Promotion by stealth is usually employed to introduce work by composers notorious for being difficult or incomprehensible and for that reason unpopular.

They’ve been doing it for poor old Anton Webern for more than a century without much success but at least this concert presented Webern both ‘old’ and ‘almost-new’ to demonstrate where musical development was taking him.

Even in the youthful, balmy Im Sommerwind there are signs of fragmentation which foreshadow the Passacaglia, though even that’s tame compared with his later, attenuated music.

Two works by a representative of the Second Viennese School in one programme must be a record in these parts. Both were played with disarming fluency by the orchestra under associate guest conductor Francois-Xavier Roth, who seems to get a lot out of his association with the BBCNOW. Too much perhaps in Richard Strauss’s Also sprach Zarathustra, in which the clarity of that famous opening was not always sustained in passages for strings where the writing becomes over-larded, difficult and bombastic. It’s possible to tame Strauss but here he was given his head and not to pretty effect.
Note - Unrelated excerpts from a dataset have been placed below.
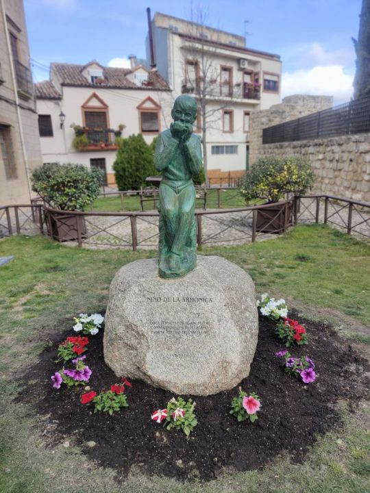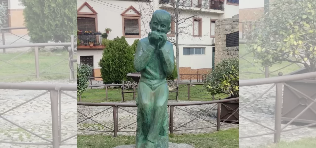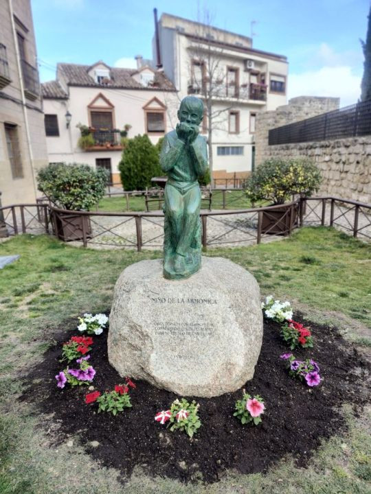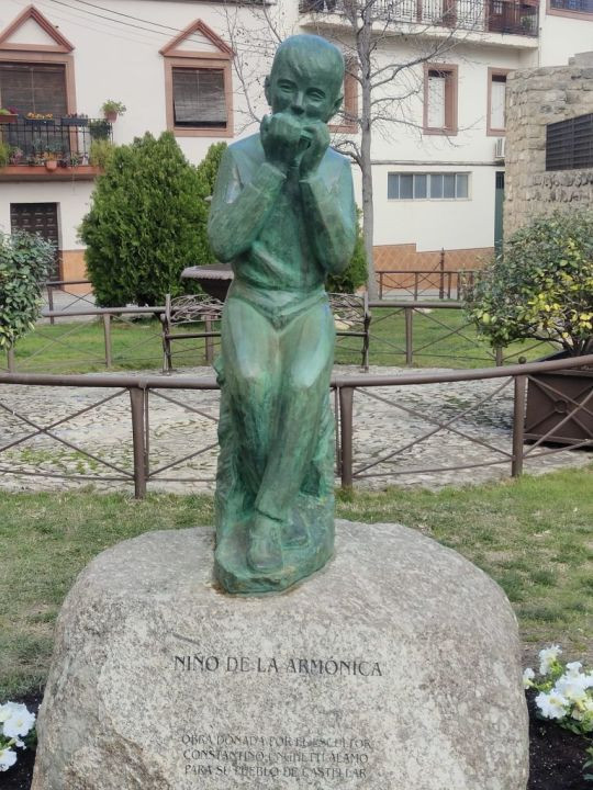 La estatua de bronce del niño de la armónica ya luce en su parque
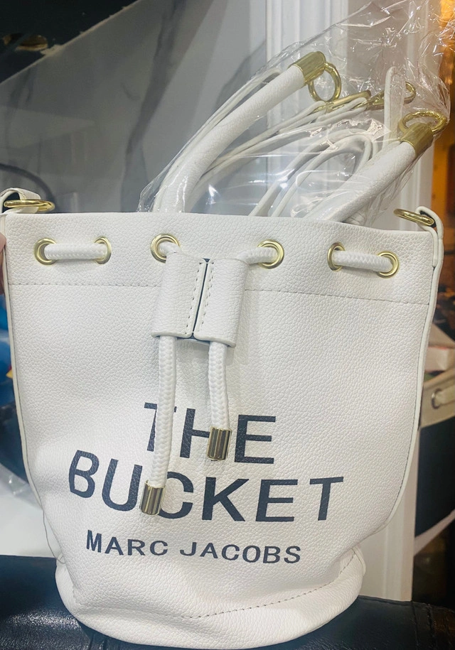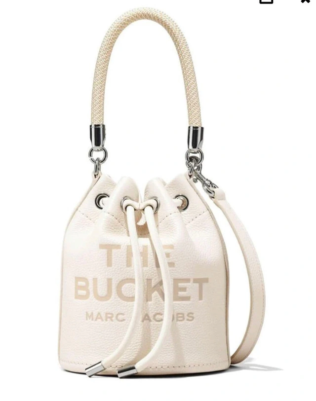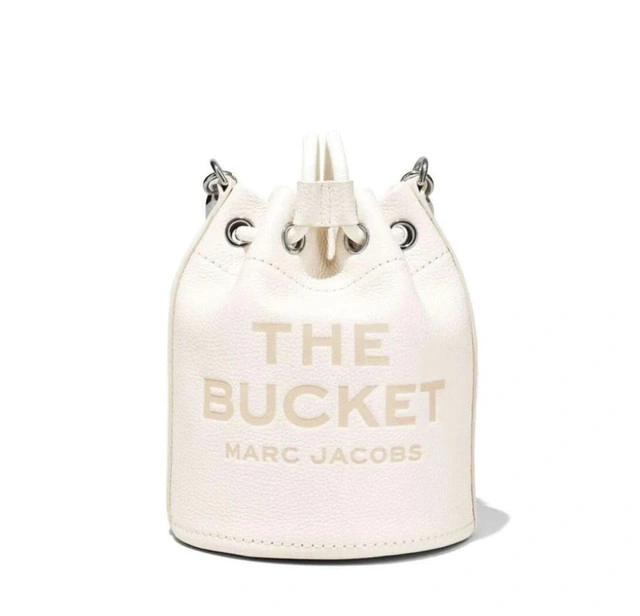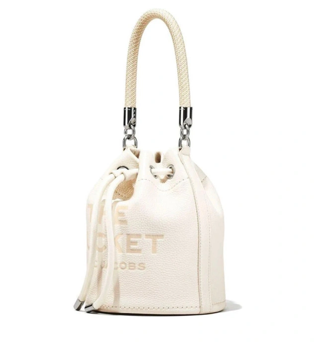 'THE LEATHER BUCKET' WHITE HANDBAG WITH DRAWSTRING AND FRONT LOGO IN HAMMERED LEATHER WOMAN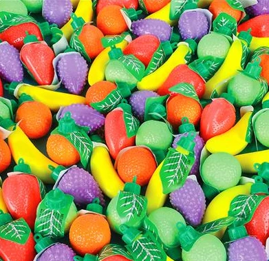 Kids love fruit when it tastes like candy. This assortment features a variety of plastic fruit shapes filled with sweet powdered candy. One dozen per bag.

However, late Romantic works often require a large orchestra, ever an exciting prospect where the BBC NOW is concerned Nothing was prettier than soprano Rosemary Joshua’s three Mozart concert arias, though in the last her throat was playing up; so much so, that she declined to appear in the second half for Exsultate, Jubilate. It was our loss. The irony was that she's normally such an effortless Mozartian.